Learn How To Compete In A National Speech Competition
By Shari Benyousky
Guest Columnist
As I threaded my way down the crowded hallway last week, I heard high-pitched screaming behind one door, a Pee Wee Herman voice behind another, and a clown laughing behind a third. Welcome to Nationals Speech Competition where 5,000 people from all over the United States and a few foreign countries converge to compete at multiple high schools around the Phoenix, Ariz., area. They are competing in all kinds of venues from informational to poetry to debate to drama to humor. Each student represents the top talent from their home state. Some from the Warsaw Community High School team have made it here too.

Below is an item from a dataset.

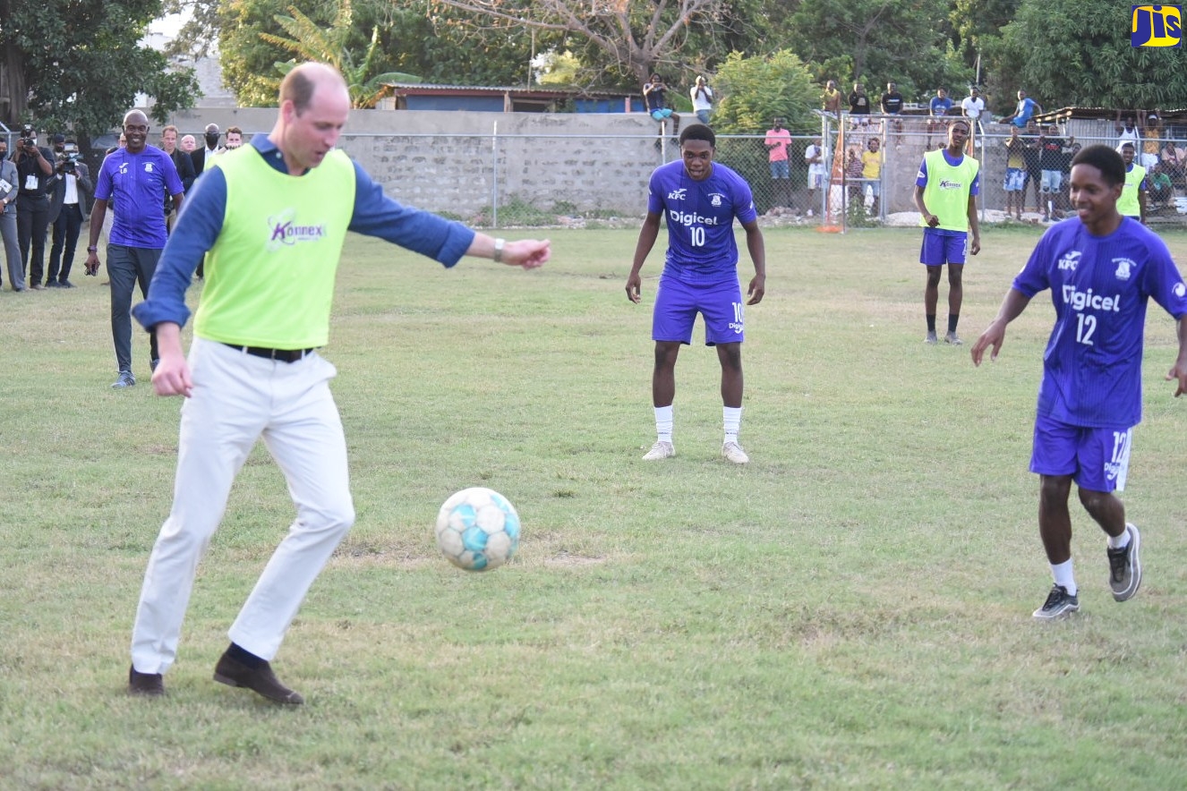 His Royal Highness, The Duke of Cambridge, plays a game of football during a visit to the community of Trench Town in Kingston, just a few hours after arriving in the island on March 22. Their Royal Highnesses, The Duke and Duchess of Cambridge are on an Official Visit to Jamaica from March 22 to 24. The visit forms part of celebrations marking the 70th Anniversary (Platinum Jubilee) of the Coronation of Her Majesty The Queen.

Close your eyes and picture the scene: high school hallways clogged with nervous teenagers wearing suits and professional attire. Each one has a red/white/and blue ribbon pinned to their chest which indicates they have qualified to compete at nationals after a long year of speech meets at the state level. You’ll also see judges wearing yellow ribbons and coaches wearing aqua ones. You see a lot of people holding maps and pointing.
Team Members
This year the Warsaw Community High School team has four members who qualified for nationals: Jason Benyousky, Var Bobba, Grace Ganser, and Keely Roe. We also have one who is competing in supplemental events — Dailyn Stemen. They are here with their coach Katherine Anders and two people functioning as both parents and National Judges — Lori Roe, professor of communications at Ivy Tech Warsaw, and myself, professor of English at Purdue Fort Wayne. We arrived the Sunday before the competition began for a day of judging training, registration, and figuring out how to use the Metro Train from Mesa to the Phoenix Convention Center (easy and cheap, by the way).
Temperature Over 100
We quickly realize that here in the southwest the temperature ranges from 95-107 degrees depending on the time of day. Of course, out here in the west it’s a “dry heat,” so stepping into the shade drops the temperature significantly. Students dressed in full suits and ties learn to find the shady side of the building quickly.
How A Day Goes
A competition day begins early. On the first Monday, the team meets downstairs at 7 a.m. for a team picture before heading off to various satellite locations. They will have four rounds of competition each day and not arrive back to their hotels until 7:30 p.m. when they will collectively slip out of their professional suits and into their swimsuits while simultaneously attempting to snarf down pizza.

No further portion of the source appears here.